Friday, April 19, 2013

A 1931 Review of The Waves




I was excited to read a review of The Waves from when it was first published, to get a taste of the responses Woolf herself might have read from contemporaries. While I found this review by Louis Kronenberger to be in many ways insightful and congruent with my own opinions, I also disagreed with his ultimate conclusion. Kronenberger praises Woolf’s imagist poetry, even titling the article “Poetic Brilliance in the New Novel by Mrs. Woolf,” but ends with the claim that the novel is “a very far cry…from greatness.” Despite its unique form, he argues that the novel’s themes are conventional and that “it is simply a marvelous description, it is not quite vision.”

This critique functions on a distinction between form and content, with content being of primary value. However, I do not believe the two are quite as distinct as Kronenberger makes them out to be. Her form is part of the content, communicating an essence, a mood, an emotion, a state of being. Take for instance her description of Rhoda’s terror in the first section of the novel:

“The others look; they look with understanding. Louis writes; Susan writes; Neville writes; Jinny writes; even Bernard has now begun to write. But I cannot write. I see only figures. The others are handing in their answers, one by one. Now it is my turn. But I have no answer. The others are allowed to go. They slam the door.”

The simplicity, the step by step description of this passage, brilliantly captures the slow, steady weight of being trapped in fear, confusion and humiliation in a classroom. It immediately brought me back to my days in kindergarten, left struggling over math problems when the rest of the class had finished and gone to recess. The ability to perfectly capture such an experience, seemingly mundane though it may be, is to me a feat of greatness.

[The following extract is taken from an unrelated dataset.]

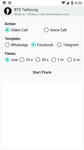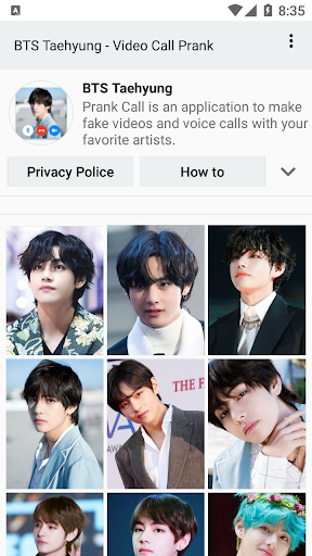 With this application you can prank your friends as if you were on the phone of your favorite artist, BTS Taehyung. Your friends must think that you have BTS Taehyung's phone number. You can also show off with your friends by taking screenshots during a video call and then sharing them on your social media such as Facebook, Instagram, WhatsApp, Twitter and others.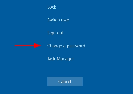 1) Pritisnite kombinaciju tipki Ctrl+Alt+Del na tipkovnici. U izborniku koji se pojavljuje odaberite: "Change password".

Kronenberger claims that Woolf “is not really concerned in The Waves with people, she is hardly concerned in the prosaic sense with humanity: she is only concerned with the symbols, the poetic symbols, of life--the changing seasons, day and night, bread and wine, fire and cold, time and space, birth and death and change.”  When I first read this comment, I felt it to be entirely accurate, but upon further reflection I feel that while The Waves is indeed concerned with “the poetic symbols of life,” it is through these symbols that she does capture humanity. He complains that “it is always sensibility [Woolf] has, never passion; we never get, in a mystical flash, the universe.” But of course, in a novel titled The Waves, there is no flash; for Woolf, life is not a flash. We do, however, get a deeply moving and carefully paced portrait of the tides of life, a macro image of the passage of time.